* Activity
Would you retype, word for word, only the lines from the one holding "港股异动︱瑞风新能源(00527)回吐逾10% 失守年线" through the final line of the entries below, without the pictures?

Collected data
+-------+

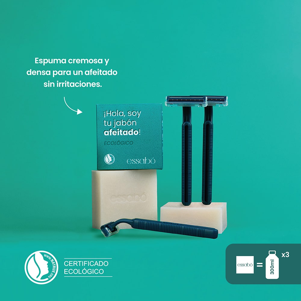 Con Essabó Afeitado puedes depilar tu cuerpo con cuchilla de manera fácil, rápida y natural, evitando productos sintéticos de depilado corporal. Humedece la pastilla con las manos y, con la piel mojada, enjabona la parte del cuerpo a depilar, cubriéndola todo lo posible con espuma. Pasa la cuchilla suavemente y al finalizar enjuaga bien la zona.
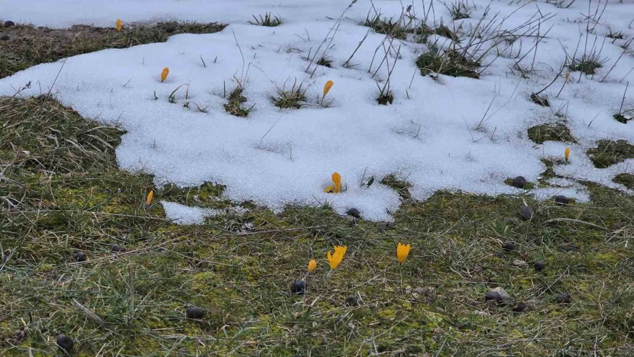 Kütahya’nın Radar bölgesinde kar ve çiğdemlerin aynı karede görüntülenmesi, ilginç manzaralar oluşturdu.
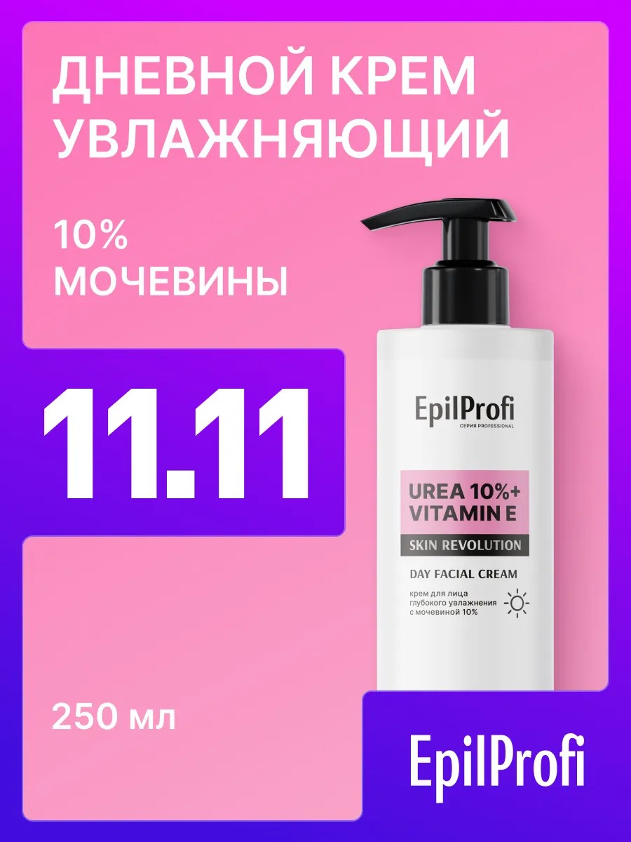 Увлажняющий крем для лица с мочевиной 10% 250 мл EpilProfi. Средство в новой надёжной упаковке с дозатором обеспечивает гигиеничное использование, дозатор позволяет легко получить необходимую порцию крема. Мочевина интенсивно увлажняет, устраняет зуд и шелушения. Витамин Е успокаивает раздраженную кожу, выравнивает её тон и устраняет ощущение стянутости и сухости. Масла кокоса и оливы смягчают кожу и оказывают антивозрастной уход. Питательный крем для лица легкий по текстуре, быстро впитывается и не оставляет жирную пленку на лице. Применять утром или вечером в качестве основного ухода. Для ежедневного ухода за кожей лица. Косметическое средство может применяться для ухода за лицом, после тоника для лица с кислотами, пилинга, скраба, сыворотки для лица и в качестве основы под макияж. Подходит для нормальной, жирной и сухой кожи. Для кожи с куперозом, чувствительной и проблемной.
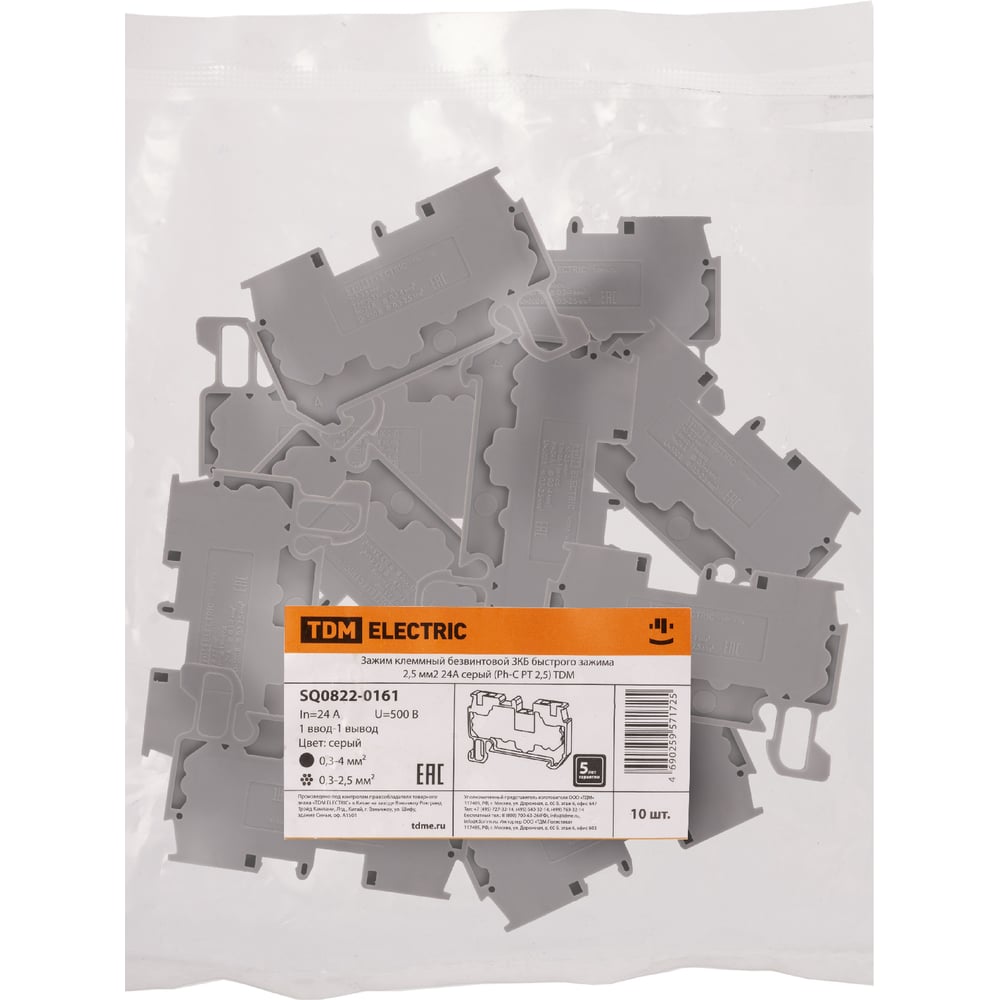 Безвинтовой клеммный зажим TDM ELECTRIC ЗКБ быстрого зажима, 2.5 кв. мм, 24А, серый (Ph-C PT 2,5) SQ0822-0161
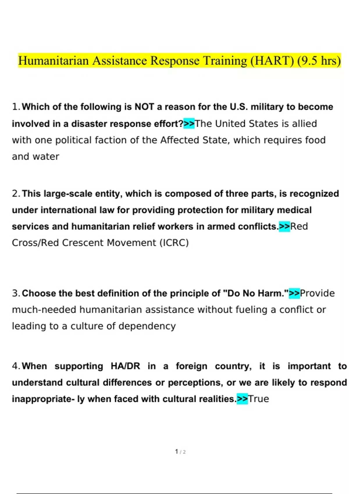 Humanitarian Assistance Response Training (HART) (9.5 hrs) questions and answers latest [100% correct answers]
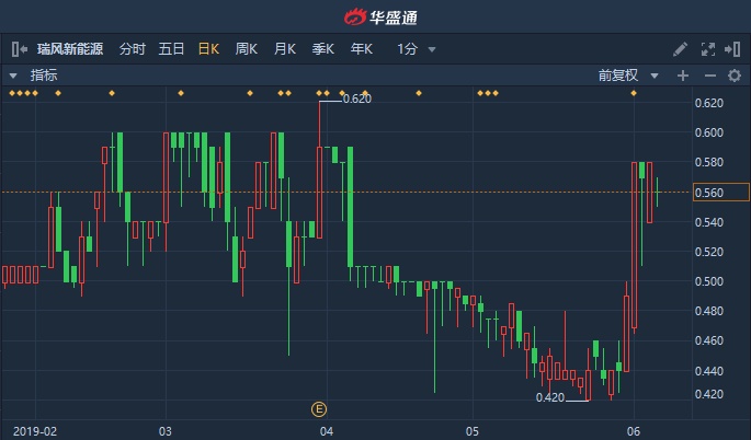 港股异动︱瑞风新能源(00527)回吐逾10% 失守年线
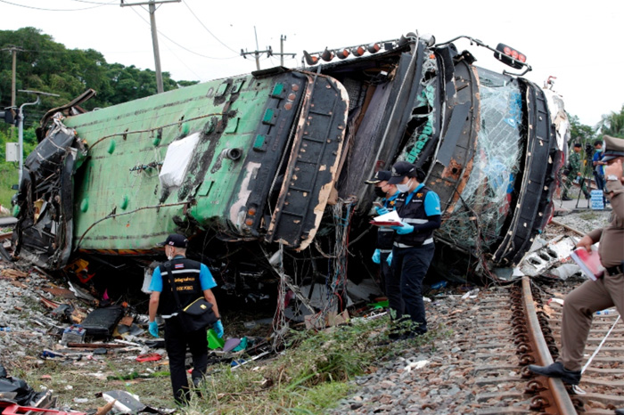 18 muertos en una colisión entre un tren y un autobús al este de Bangkok
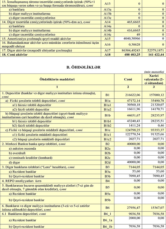 31 Dekabr 2017-ci il tarixində “AgBank” 488 milyon 403 min manat cəmi aktivlərə, 441 milyon 233 min manat cəmi öhdəliklərə və 47 milyon 174 min manat cəmi balans kapitalına malik olub.

+-------+

* Task result
 港股异动︱瑞风新能源(00527)回吐逾10% 失守年线
 18 muertos en una colisión entre un tren y un autobús al este de Bangkok
 31 Dekabr 2017-ci il tarixində “AgBank” 488 milyon 403 min manat cəmi aktivlərə, 441 milyon 233 min manat cəmi öhdəliklərə və 47 milyon 174 min manat cəmi balans kapitalına malik olub.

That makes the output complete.